Живопись парижского Салона, несмотря на крупноформатность полотен и грохот феерических композиций, полностью соответствовала «воспитанию в подданных мелочности». Не менее способствовали этому бесконечные полотна с обнаженными и полуобнаженными нимфами, пастушками, богинями и просто купальщицами. Парижскую публику Салона — мелких буржуа, мещан — вполне устраивал такой маскарад, подменяющий жизнь. И публика ликовала. В воздухе Салона царили благопристойность, благолепие и некая комильфотность, но иногда эта атмосфера взрывалась художниками-новаторами — Жерико, Делакруа, Курбе… Среди возмутителей общественного спокойствия был и Жан Франсуа Милле.

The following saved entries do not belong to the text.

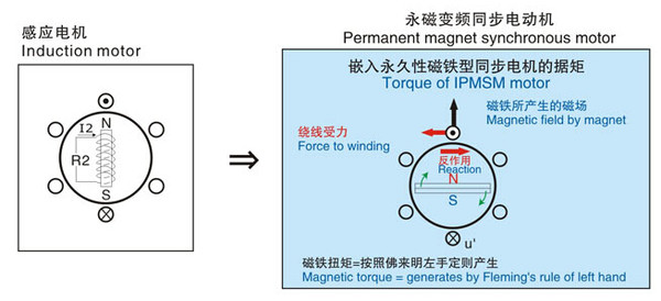 電動(dòng)機(jī)損失減半(與感應(yīng)電機(jī)相比)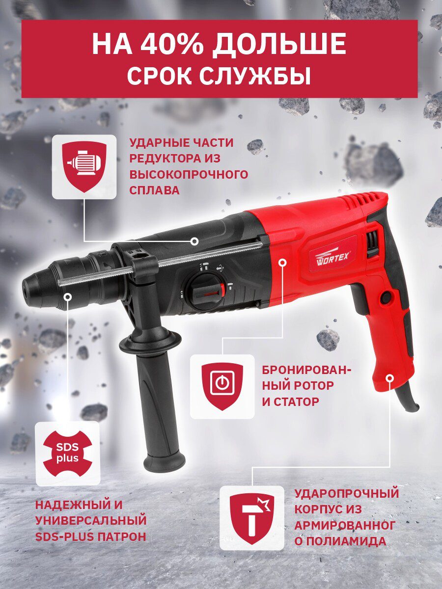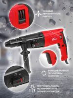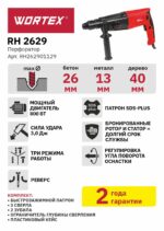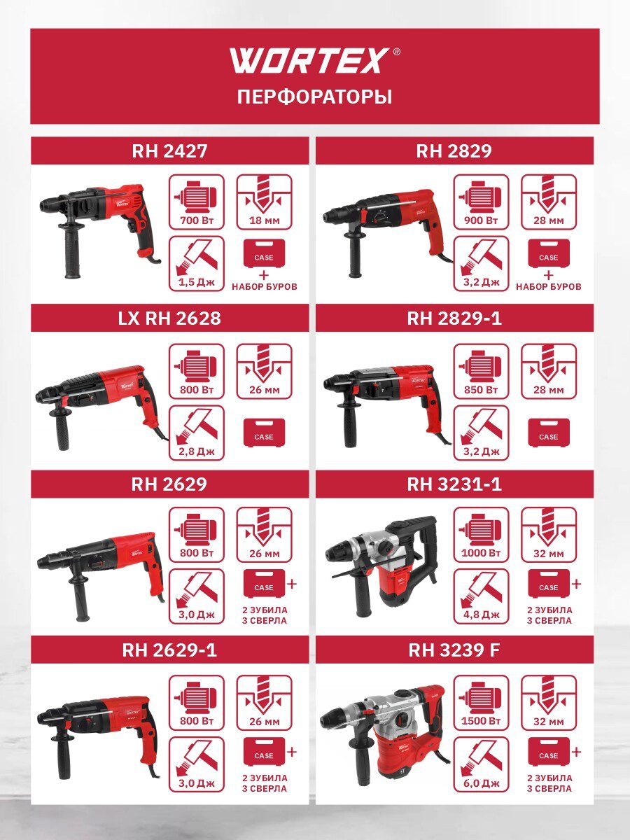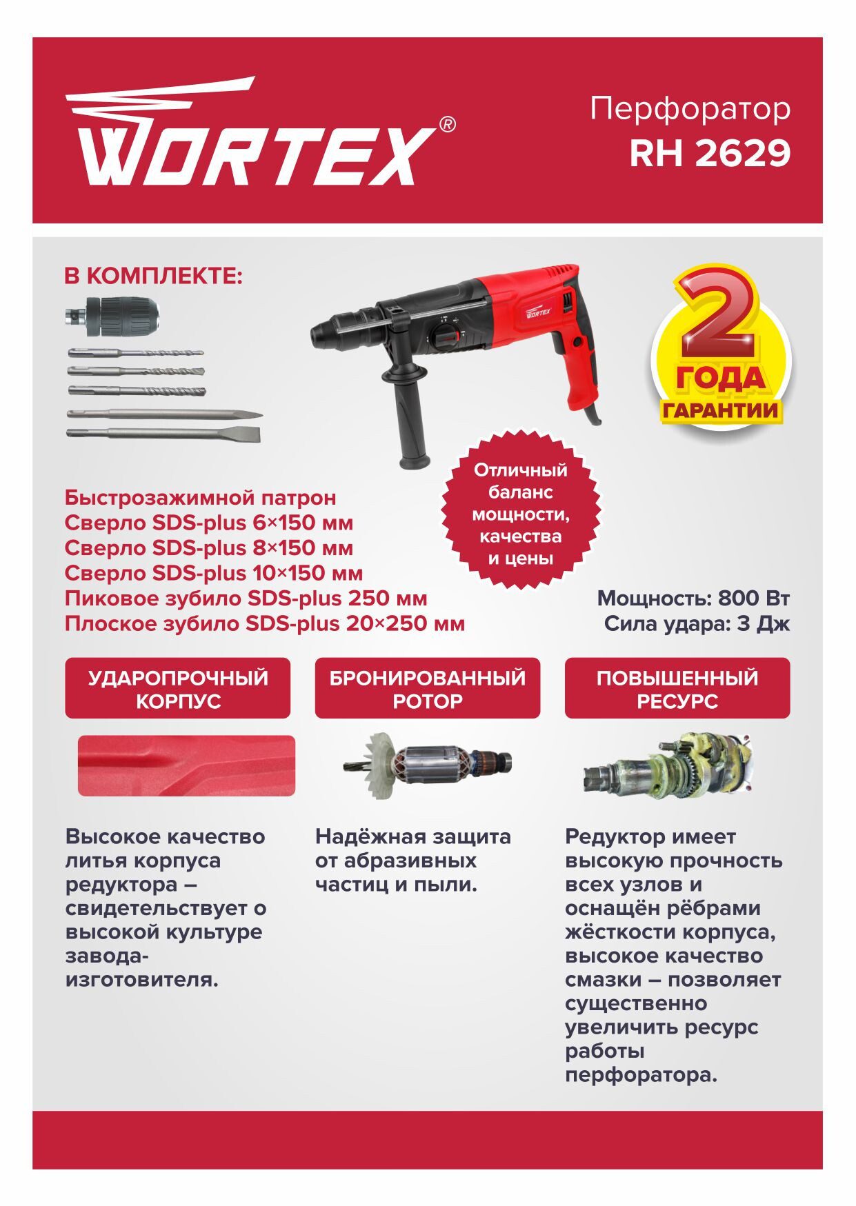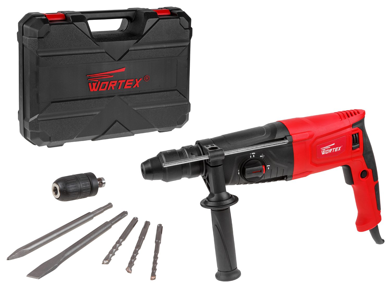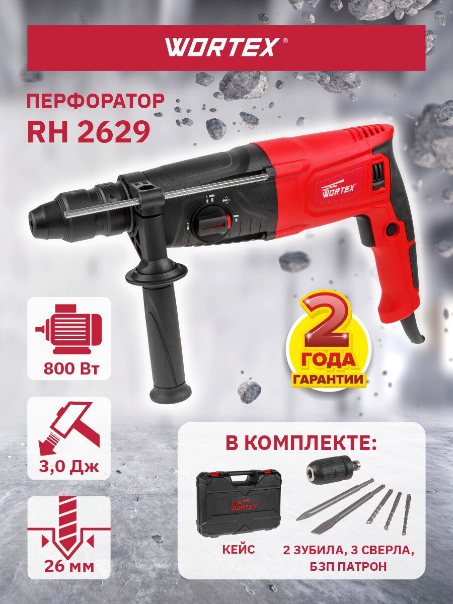 Перфоратор WORTEX RH 2629 (RH262901129) оснащен функцией регулировки угла оснастки. Высокая скорость при сверлении и высокая производительность при долблении осуществляется благодаря двигателю в 800 Вт и энергии удара 3,0 Дж. Перфоратор может осуществлять 3 вида работы: сверление, сверление с ударом, долбление. Быстрорегулируемая эргономичная рукоятка легко настраивается в любом нужном положении. В комплект поставки входит: 3 сверла: 6х150 мм, 8х150 мм, 10х150 мм; 2 зубила: пиковое 230 мм и плоское 20х250 мм.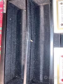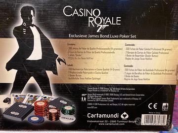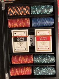Scatola da gioco realizzata in occasione del film Casino Royale. Nuova, mai usata carte e fiches da 14 gr. ancora confezionate. Si segnala, come visibile dalla foto, che due divisori sono danneggiati.Per gli interessati dispongo di ulteriori mazzi di carte e fiches, stessa serie, anche di valori diversi. james bond, 007 film.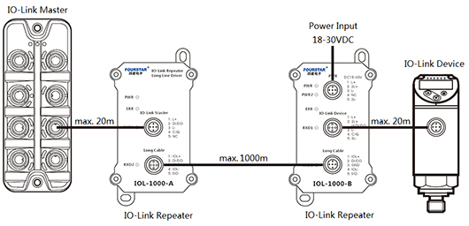 IO-Link repeater long-line transceiver. Extend the IO-Link communication distance to 1000m; Divided into two modules, A and B, which are used in pairs; Communication rate: COM1 (4.8Kbps), COM2 (38.4Kbps), COM3 (230.4Kbps), self-adaptive; Support IO-Link, SIO, DI/DO, Class A interface, Class B interface and other working modes; Plug-and-play without settings; 18V-30VDC wide voltage power supply; Protection grade: IP67.
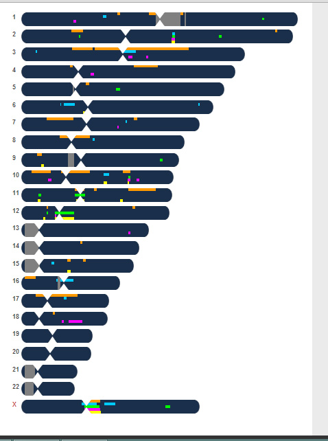 My mother’s X-DNA is a blend of her two X chromosomes, which were inherited from my maternal grandparents ie McSherry and Melvin, so a combination of Irish and Scots genes. A comparison between my mother’s X-DNA and mine will not be identical as it has been jumbled up before being passed on. There should however (I think) be a fair degree of overlap. This will become more clear (I hope!) to me when my mum’s results come back.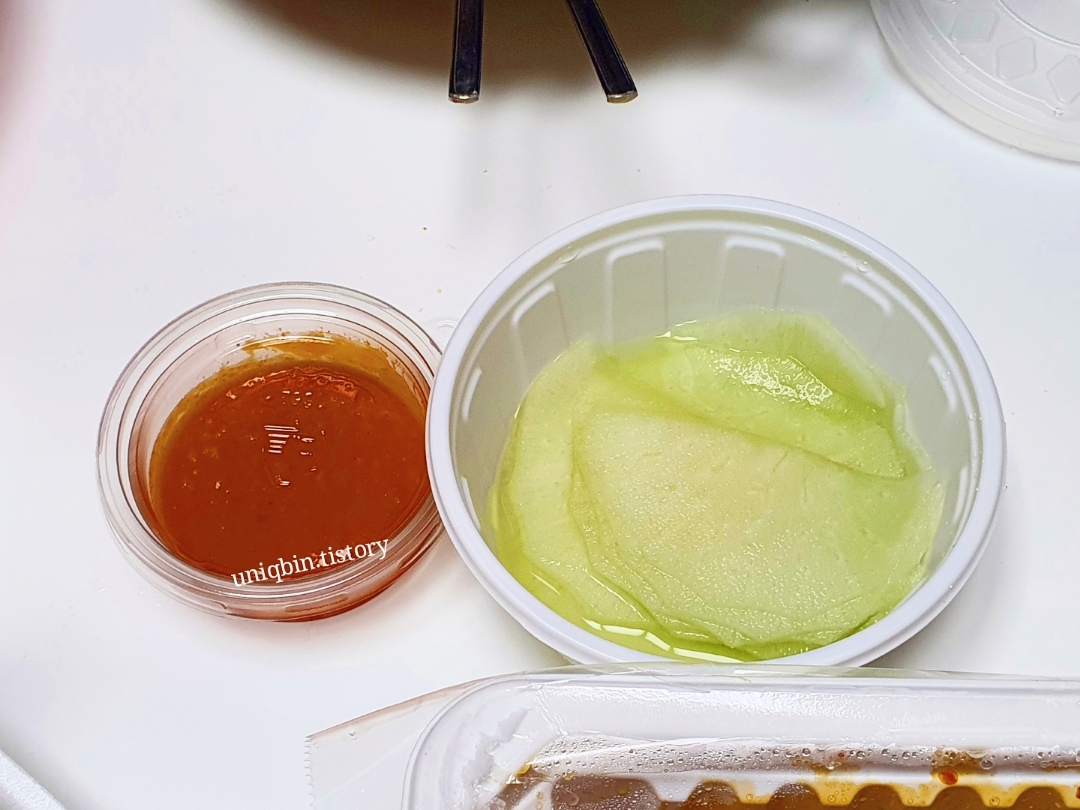 보정하다 보니 색이 이상한데 우리가 아는 연두색 쌈무 예요. 닥치고 곱창의 장점은 딸려오는게 심플하기에 뒷처리가 편해요. 그래서 맛도 맛이지만 피곤한 저녁에 시켜먹을 곱창으로 매우 좋아요.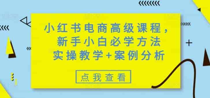 小红书电商高级课程,新手小白必学方法,实操教学+案例分析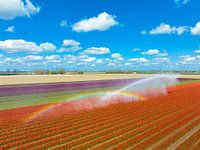 Koop dit landschapskunstwerk Tulpen in een veld besproeid door een waterkanon van Sjoerd van der Wal Fotografie op canvas, aluminium dibond, (ingelijste) fotoprint, behang en ArtFrame, op maat geprint in Fine-Art kwaliteit.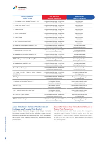 Pihak yang BerelasiRelated PartiesSifat HubunganNature of RelationshipSifat TransaksiNature of TransactionPT Perusahaan Listrik Negara (Persero) (%u201cPLN%u201d) Entitas berelasi dengan PemerintahGovernment-related entityPenjualan gasGas salesPT Migas Hulu Jabar (%u201cMUJ%u201d) Entitas berelasi dengan PemerintahGovernment-related entityPenjualan gasGas salesPT Krakatau Steel Entitas berelasi dengan PemerintahGovernment-related entityPenjualan gasGas salesPT Kaltim Daya Mandiri Entitas berelasi dengan PemerintahGovernment-related entityPenjualan gasGas salesPT Gresik Migas Entitas berelasi dengan PemerintahGovernment-related entityPenjualan gasGas salesPT Bina Bangun Wibawa Mukti Entitas berelasi dengan PemerintahGovernment-related entityPenjualan gasGas salesPT Bank Tabungan Negara (Persero) Tbk Entitas berelasi dengan PemerintahGovernment-related entityTransaksi perbankanBanking transactionsPT Bank Syariah Indonesia Tbk Entitas berelasi dengan PemerintahGovernment-related entityTransaksi perbankanBanking transactionsPT Bank Rakyat Indonesia (Persero) Tbk Entitas berelasi dengan PemerintahGovernment-related entityTransaksi perbankanBanking transactionsPT Bank Negara Indonesia (Persero) Tbk Entitas berelasi dengan PemerintahGovernment-related entityTransaksi perbankanBanking transactionsPT Bank Mandiri (Persero) Tbk Entitas berelasi dengan PemerintahGovernment-related entityTransaksi perbankanBanking transactionsKementerian Keuangan Entitas berelasi dengan PemerintahGovernment-related entityJasa sewa asetAsset rental servicesPT Migas Mandiri Pratama Kutai Mahakam (%u201cMMPKM%u201d)Entitas berelasi dengan PemerintahGovernment-related entityPenjualan minyak dan gasOil and gas salesSKK Migas Entitas berelasi dengan PemerintahGovernment-related entityPenjualan minyak dan gasOil and gas salesPT Donggi Senoro LNG (%u201cDSLNG%u201d) Perusahaan asosiasiAssociated companiesKepemilikan tidak langsungIndirect ownershipNatuna 2 B.V. Perusahaan asosiasiAssociated companiesKepemilikan tidak langsungIndirect ownershipPCPP Operating Company Sdn. Bhd. Perusahaan asosiasiAssociated companiesKepemilikan tidak langsungIndirect ownershipPT Lampung Energi Berjaya Entitas berelasi dengan PemerintahGovernment-related entityPenjualan minyak dan gasOil and gas salesPT Jakarta Oses Energi Entitas berelasi dengan PemerintahGovernment-related entityPenjualan minyak dan gasOil and gas salesAlasan Dilakukannya Transaksi Pihak Berelasi dan Peninjauan atas Transaksi Pihak BerelasiSeperti halnya transaksi dengan pihak ketiga, transaksi Perusahaan dengan Pihak Berelasi dilakukan sejalan dengan kebutuhan pengembangan operasional dan bisnis Perusahaan, serta prinsip saling membutuhkan antara Perusahaan dengan pihak berelasi.Reasons for Related Party Transactions and Review of Related Party TransactionsAs with transactions with third parties, the Company's transactions with Related Parties are carried out in line with the Company's operational and business development needs, as well as the principle of mutual need between the Company and related parties. Laporan Tahunan %u2022 Annual Report 288HULU ENERGI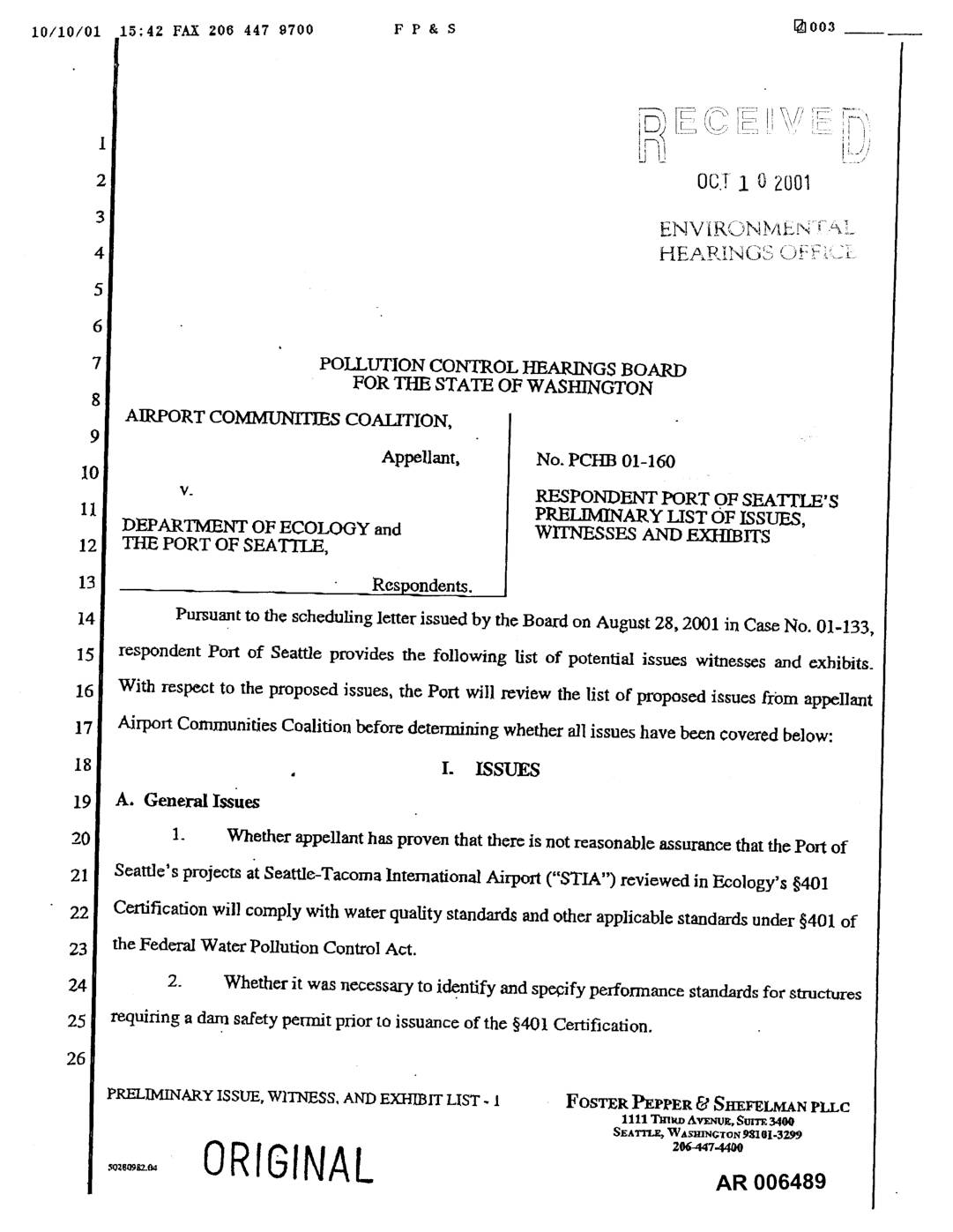 Pursuant to the scheduling letter issued by the Board on August 28, 2001 in Case No. 01-133, respondent Port of Seattle provides the following list of potential issues witnesses and exhibits. With respect to the proposed issues, the Port will review the list of proposed issues from appellant Airport Communities Coalition before determining whether all issues have been covered below: . I. ISSUES A. General Issues 1. Whether appellant has proven that there is not reasonable assurance that the Port of Seattle's projects at Seattle.-Tacoma International Airport ("STIA") reviewed in Ecology's §401 Certification will comply with water quality standards and other applicable standards under §401 of the Federal Water Pollution Control Act. 2. Whether it was necessary to identify and spc_fy performance standards for structures requiring a dam safety permit prior to issuance of the §401 Certification. PRELIMINARY ISSUE, WITNESS, AND EXHIBIT LIST - 1 FOSTER PEPPER _ SBXFELMAN PLLC 1111Tm_,DAvx_0F., SutTK3400 SEA_, Wasm_cToN 9S1al._2._ 206-447-4400 0RIGINAL 10110/01 15:42 FAX 206 447 9700 F P & S _004 3. Whether the Port's proposed projects arc consistent with the applicable terms of the Coastal Zone Management Act and Washington's Coastal Zone Management Program. 4. Whether Ecology complied with the State Environmental Policy Act ("SEPA") when reviewing the Port's projects for compliance with applicable standards under §401. 5. Whether the Port complied with the applicable requirements of SEPA. 6. Whether the Board has jurisdiction to review the Port's compliance with SEPA. 7. Whether the §40I Certification conforms to applicable law when it… -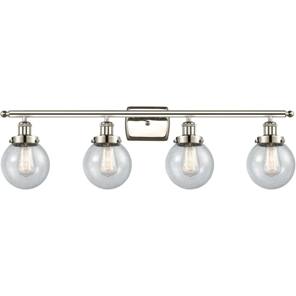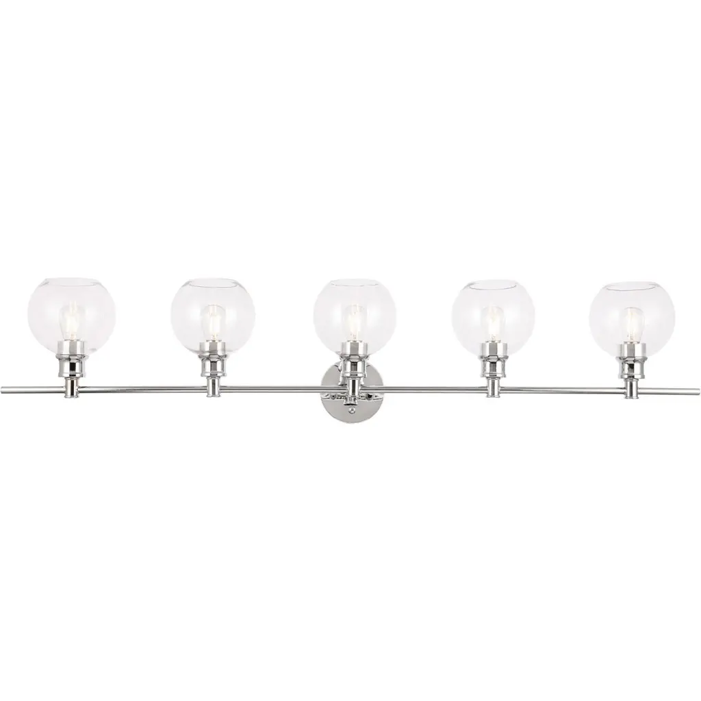 Collection: Oldwick, Material: Steel, Finish Color: Polished Chrome, Width: 42", Height: 8.25", Depth: 7.25", Height From Outlet Box: 4.5", Backplate Width: 5.13", Backplate Length: 1", Lamping Type: Incandescent, Number Of Bulbs: 5, Wattage: 75 Watts, Moisture Rating: Dry Rated, Desc: Sleek and simple lines define this beautiful polished brass finish five light large vanity sconce from the Oldwick collection. The clean, bold look of modernity blends with a raw industrial inspiration and hand blown clear glass give this design a versatile and eclectic look that works with nearly any style of home decor.,

Представьте хоть на миг расфранченную, надушенную, изнемогающую от тесноты и духоты публику парижского Салона второй половины прошлого века. Огромные залы этого «святилища искусства» набиты до отказа десятками, сотнями полотен. Стоны первых христиан, лязг мечей гладиаторов, рев библейского потопа, сладкие мелодии пастушьих пасторалей льются со стен Салона. Какими только ухищрениями колорита, такими головоломными ракурсами, таинственными сюжетами, сладчайшими ню не был уснащен очередной вернисаж! Какое раздолье пошлости, какое море фальши и безвкусицы! И вот посреди всей этой золоторамной феерии перед пресыщенными зрителями предстает маленький холст.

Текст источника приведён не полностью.